Given all that, you can imagine my delight when I saw this great article (click here) in the Kansas City Star about Bo. It brought back all the memories. The article filled with great anecdotes. Some of my favorites:
Bo said he was just another guy. He wasn’t some sort of folk hero, like John Henry or Pecos Bill. No, he hurt like other players. He made mistakes like other players. He struck out a lot. He wasn’t forged out of steel, and he couldn’t outrun locomotives, and he couldn’t turn back time by flying around the world and reversing the rotation of the earth.

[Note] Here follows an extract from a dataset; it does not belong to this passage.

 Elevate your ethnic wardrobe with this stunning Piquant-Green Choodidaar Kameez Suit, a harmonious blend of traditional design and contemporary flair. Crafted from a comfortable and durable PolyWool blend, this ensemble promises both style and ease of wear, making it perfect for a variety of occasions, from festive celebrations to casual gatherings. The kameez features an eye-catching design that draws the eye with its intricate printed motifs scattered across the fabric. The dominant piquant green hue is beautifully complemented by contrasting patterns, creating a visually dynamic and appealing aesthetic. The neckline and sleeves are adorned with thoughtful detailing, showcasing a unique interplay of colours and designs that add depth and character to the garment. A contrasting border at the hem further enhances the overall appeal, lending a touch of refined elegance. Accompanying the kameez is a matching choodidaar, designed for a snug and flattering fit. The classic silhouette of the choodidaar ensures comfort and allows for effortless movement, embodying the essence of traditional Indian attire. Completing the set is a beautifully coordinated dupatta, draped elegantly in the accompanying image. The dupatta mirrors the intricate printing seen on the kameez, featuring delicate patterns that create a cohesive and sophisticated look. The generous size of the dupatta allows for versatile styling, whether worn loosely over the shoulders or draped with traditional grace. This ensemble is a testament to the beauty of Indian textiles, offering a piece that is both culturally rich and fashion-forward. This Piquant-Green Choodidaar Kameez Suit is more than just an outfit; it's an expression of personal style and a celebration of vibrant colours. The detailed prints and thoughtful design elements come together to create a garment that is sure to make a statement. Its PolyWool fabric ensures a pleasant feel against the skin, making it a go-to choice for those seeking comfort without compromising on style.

“I’m just another player, you know?” he said.
Then the game began, Royals vs. Yankees at Yankee Stadium.
First time up, Bo hit a 412-foot homer to center field.

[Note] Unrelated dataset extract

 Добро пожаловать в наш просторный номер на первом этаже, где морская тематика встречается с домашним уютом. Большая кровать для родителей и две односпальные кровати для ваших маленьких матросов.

Second time up, Bo smashed a 464-foot opposite-field home run. Longtime Yankees fans said that ball landed in a far-off place where only home runs by Ruth, Gehrig and Mantle from the left side ever reached.
“Colossal,” teammate George Brett would say. “I had to stop and watch.”
Third time up, Yankees manager Stump Merrill walked out to the mound to ask pitcher Andy Hawkins how he intended to get Bo out this time.
“I’ll pitch it outside,” Hawkins said. “It better be way outside,” Merrill replied.
Hawkins threw it way outside. Jackson poked the ball over the right-field fence for his third homer. The New York crowd went bananas.
Some other good little notes in the article are below. Seriously if you knew Bo or you didn’t, you should read this article, he was a total freak
- Bo Jackson’s first major-league home run flew 475 feet.
- July 29, 1988: Bo Jackson was facing Baltimore’s Jeff Ballard. He called timeout and stepped out of the box. He adjusted his batting glove when he realized that the umpire did not actually grant his timeout, and Ballard was throwing the ball. Jackson jumped back into the box, swung that bat and … yeah. He hit a home run.
- July 11, 1989: All-Star Game in Anaheim. Bo Jackson led off with a monstrous 448-foot home run to straightaway center field — it cleared two fences out there. “Unbelievable,” Hall of Famer Tony Gwynn would say. “I got a piece of it,” Bo would say. The next inning, he beat out a double-play grounder by running to first in 3.81 seconds — one of the fastest times ever clocked for a right-handed hitter. He stole second base (becoming only the second player to hit a homer and steal a base in an All-Star Game, with Willie Mays). He scored the game-winning run. He was selected MVP.